The J-school held fast, though. They weren't happy with me, but I was attending on a journalism scholarship and had already won a collegiate award for my cartoons, so they couldn't very well banish me, even if their commitment to free expression hadn't been as strong as it was. But when I graduated at the end of that year, the Journalism faculty instituted draconian rules on cartoons so, as one of my prof critics put it, "We'll never have another goddam Backderf." One of my successors quit in protest over this. It was unprecedented. for one staffer to cause such a philosophical change. If I'd been a writer, of course, not a cartoonist, this never would have happened. Another lesson to what awaited in the corporate media world. Generate too much controversy, stomp on the wrong toes, cause an executive to spend time on the phone, and you'll pay the price. In fact, in the real world, there would be no hesitation on bringing the ax down. And down it came.

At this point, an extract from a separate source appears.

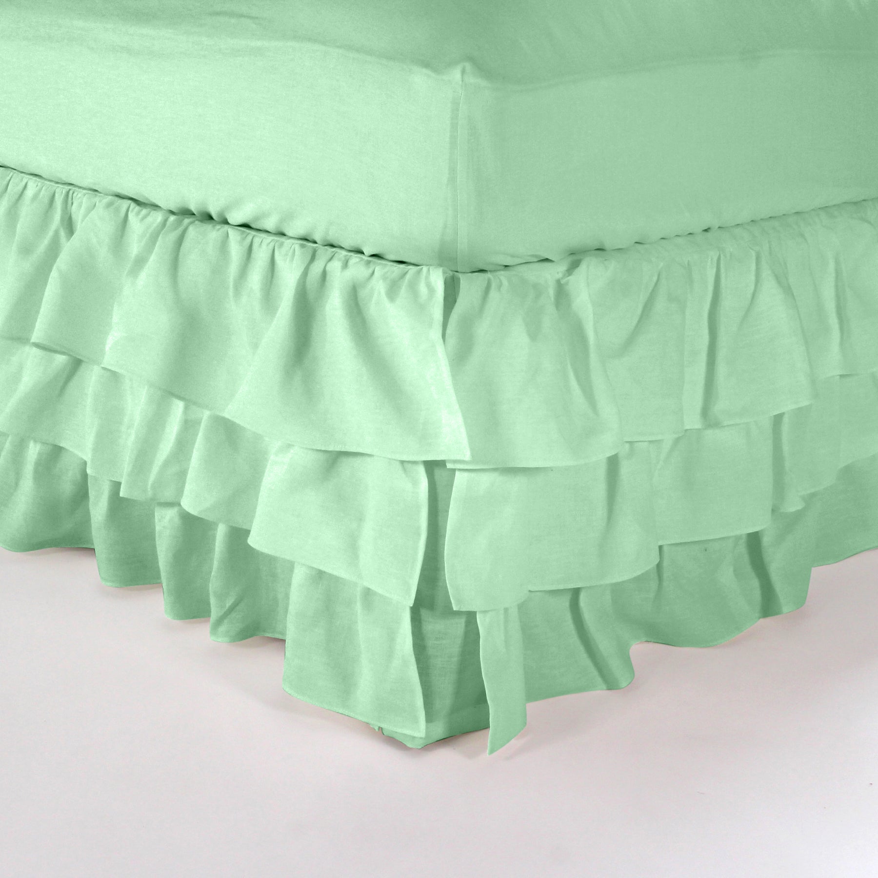 Cubre-sommier de lino con volantes en cascada, Verde menta

As for Schlichter, he has spent much of his adult life in prison. His addiction took him over completely. He stole and he swindled. He hocked his wife's wedding ring. He became a coke head. His despondent Dad killed himself. Schlichter is currently serving an 11-year sentence for swindling fans out of millions. He's a pathetic parasite, paunchy and bald, his on-field glories long forgotten, completely disowned by his alma mater and anyone who knew him. He could have made a comfortable living just being Art Schlichter, even if an NFL career had never panned out. But he was consumed by his own demons. In 1983, I thought him the prime example of the jock aristocracy, an arrogant, coddled creep. Now I pity him. His life is shit. 

And here, 30 years later, Ohio State publishes that cartoon again! Never thought that would happen! Most, if not all, of the bigshots who wanted my skin are long dead, of course. Hell, the J-school is gone, dismantled by the curriculum star chamber who decides such things. You can't even major in Journalism at Ohio State anymore, not that anyone would want to given the sorry state of that industry. The Lantern still exists, but it's a thin ghost of what it once was...  and it doesn't have student cartoons anymore, at least not the amazing back-to-back number of future pros that it once boasted.. 

I can't look at these cartoons without cringing. Man, they're horrible. I wasn't a prodigy, I was a slow learner and I started from scratch, learning completely on my own every step of the way. And it would be another five years after I left Ohio State before I found myself stylistically. But, man, I had fun making these. For three full years I drew political cartoons for The Lantern, the longest tenure of any of the school's storied cartooning alum. Why political cartoons instead of a comic strip like The City?  To be perfectly honest, it was because the political cartoons were run much bigger than the comic strips! I wasn't even that politically committed, and certainly not very astute. I wish the cartoons were better, but, even wincing as I do, I have nothing but fondness for them.